All Amps Sound the Same....


A guy posted this on another forum:

"This is my other expensive hobby and while I agree with you about low end receivers, once you get to mid-priced (~$600-1000 street price) multichannel receivers you're into pretty good gear...Keep in mind that an amplifier sounds like an amplifier and changing brands should add or subtract nothing to/from the sound and that going up the food chain just adds power output or snob appeal to a separate amplifier...These days most audiophiles either use a good quality multichannel receiver alone or use a mid-priced multichannel receiver to drive their amps even for 2-channel."
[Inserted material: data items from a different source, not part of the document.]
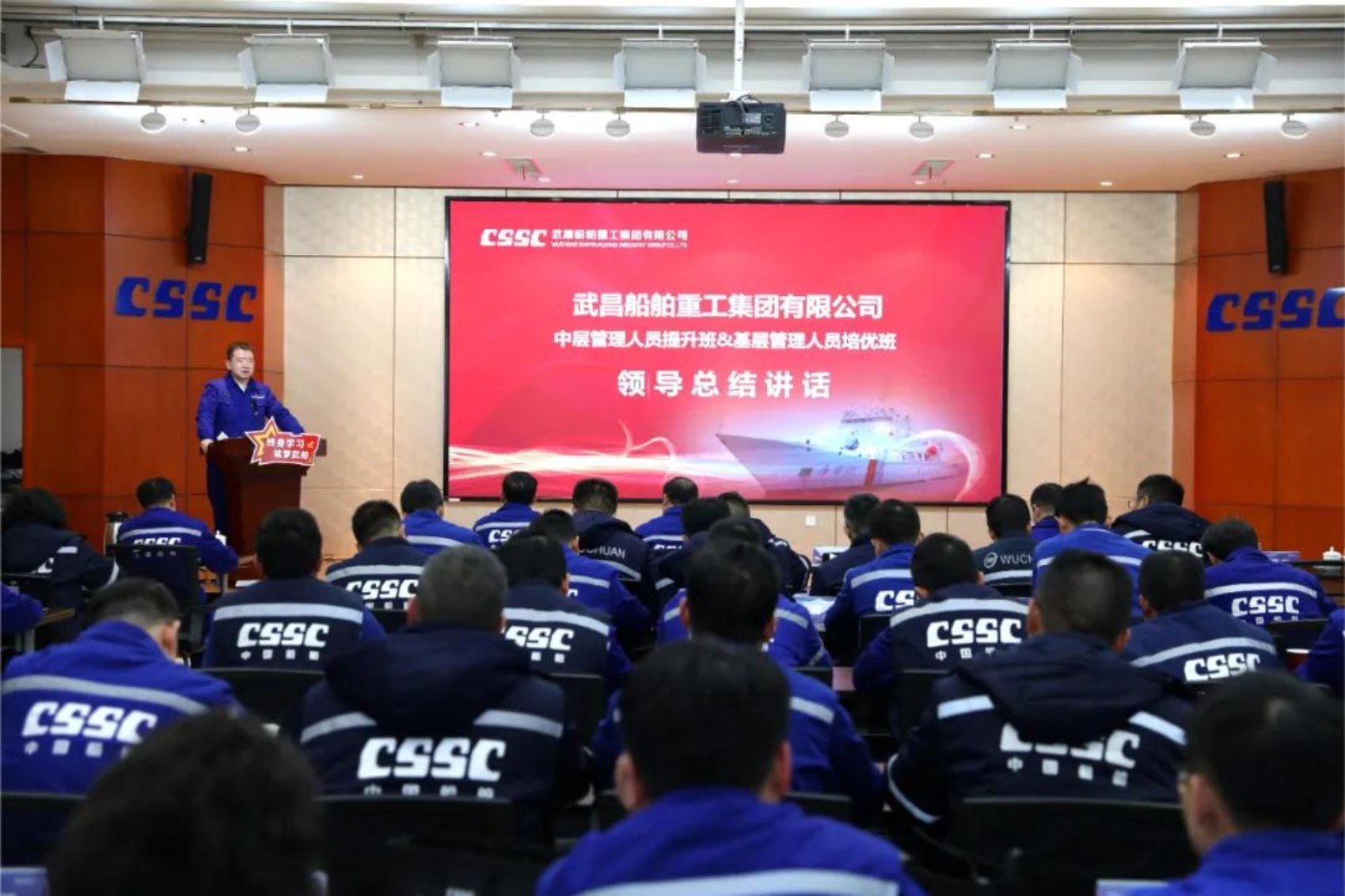 12月14日,中國(guó)船舶集團(tuán)武昌造船首屆中層管理人員提升班、基層管理人員培優(yōu)班結(jié)業(yè)典禮在創(chuàng)新樓12樓武船講堂順利舉行。公司黨委書(shū)記、董事長(zhǎng)姜濤,黨委委員、副總經(jīng)理田軍,黨委委員、副總經(jīng)理、總工程師唐瀅出席結(jié)業(yè)儀式,培訓(xùn)班全體學(xué)員參加結(jié)業(yè)典禮。
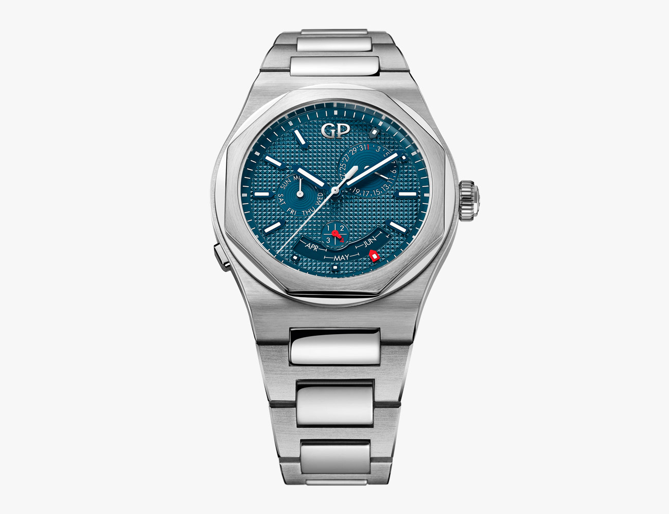 The Laureato family of Girard-Perregaux watches fits into a small niche of luxury steel sport watches that includes the Audemars Piguet Royal Oak and the Patek Philippe Nautilus. Its octagonal bezel helps it fit in even more, but the sporty design has become a palette for high horology complications as well. With its 42mm steel case, Clou de Paris-textured dial, unusual layout for the calendar information, and an in-house movement from one of the best names in the business, this watch combines a sporty vibe with some seriously refined and complicated watchmaking.
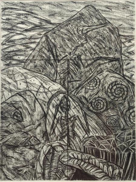 Graham Snow (British, b.1948), Fossil Study, 1988, charcoal drawing, H.91cm W.60
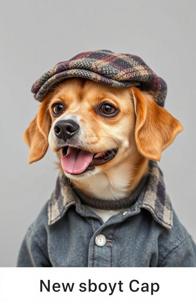 For a vintage vibe, try a stylish newsboy cap on your pup. This classic hat adds a touch of old-time charm to any outfit. Perfect for fall walks or cozy fireside naps.
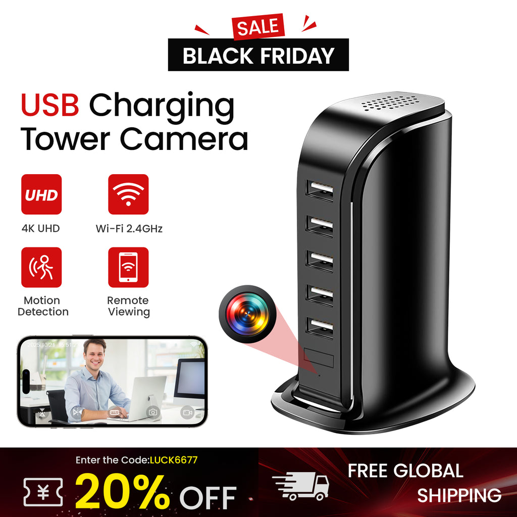 Functions as a 5-port rapid charger while hiding a pinhole 1080P camera—seamlessly integrates into any home or office environment.
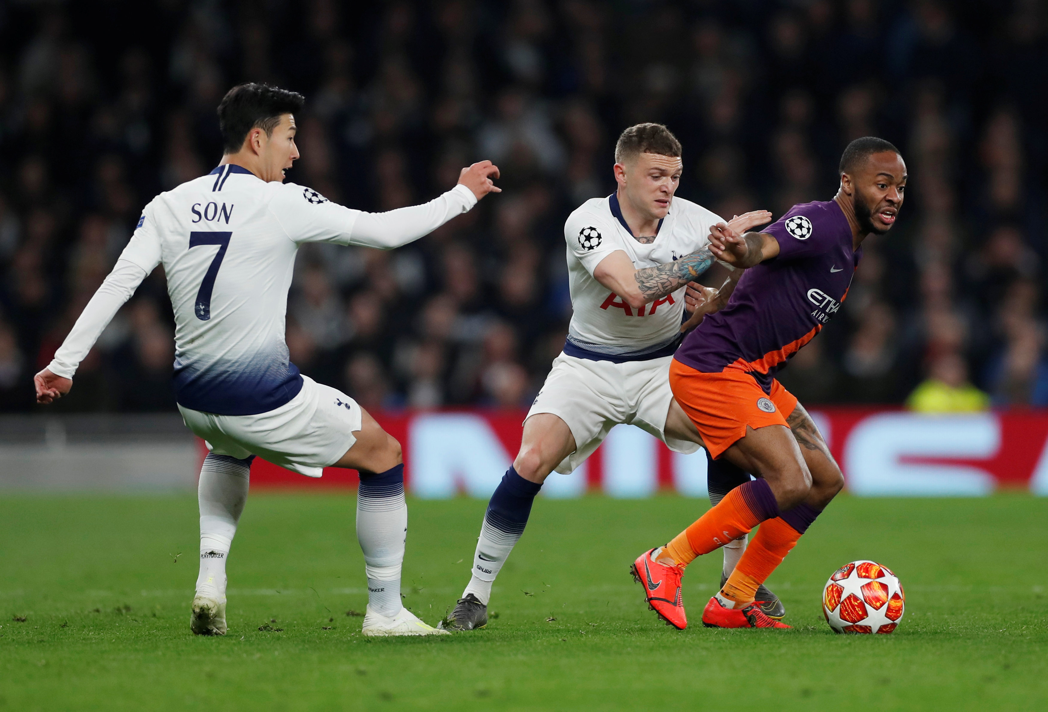 Soccer Football – Champions League Quarter Final First Leg – Tottenham Hotspur v Manchester City – Tottenham Hotspur Stadium, London, Britain – April 9, 2019 Manchester City’s Raheem Sterling in action with Tottenham’s Son Heung-min and Kieran Trippier Action Images via Reuters/Paul Childs
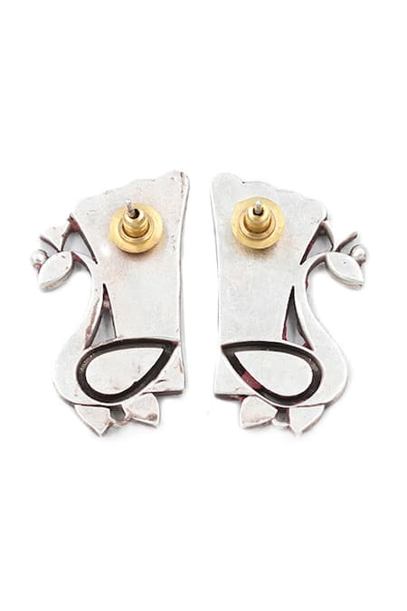 Silver toned peacock carved earrings featuring turquoise stone embellishments
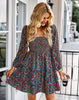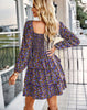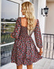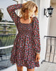 Square Neck Long Sleeve Print Cake Dress

Wow, where do they come up with this? Lack of experience?
russ69
I understand fully what MrTennis is saying but in audio the only tool we have is our hearing. It's not a perfect situation and two people can disagree about what they are hearing. That's basically why long term evaluation is relevant to our hobby and DBTs are not.
No piece of equipment has been able to deceive my senses in the long term. Yes the senses are unreliable for recording instantaneous events, I'll agree with this but the ears are good instruments and in this case the only relevant instrument.
hi russ69:

you are right about ears as an instrument, so long as you acknowledge that what you hear does not constitute knowledge, and what you hear is an opinion.

what you hear or what i hear cannot be proven.

what one hears is neither true nor false. it is also not a fact.
music is about the brain. there is plenty of music which is cerebral in nature, e.g., bach's well tempered clavier.

music need not induce an emotional response to be enjoyable.
****music need not induce an emotional response to be enjoyable.****

It is clear that when it comes to art, some of us live in different universes. Maybe that was a bit severe...different planets.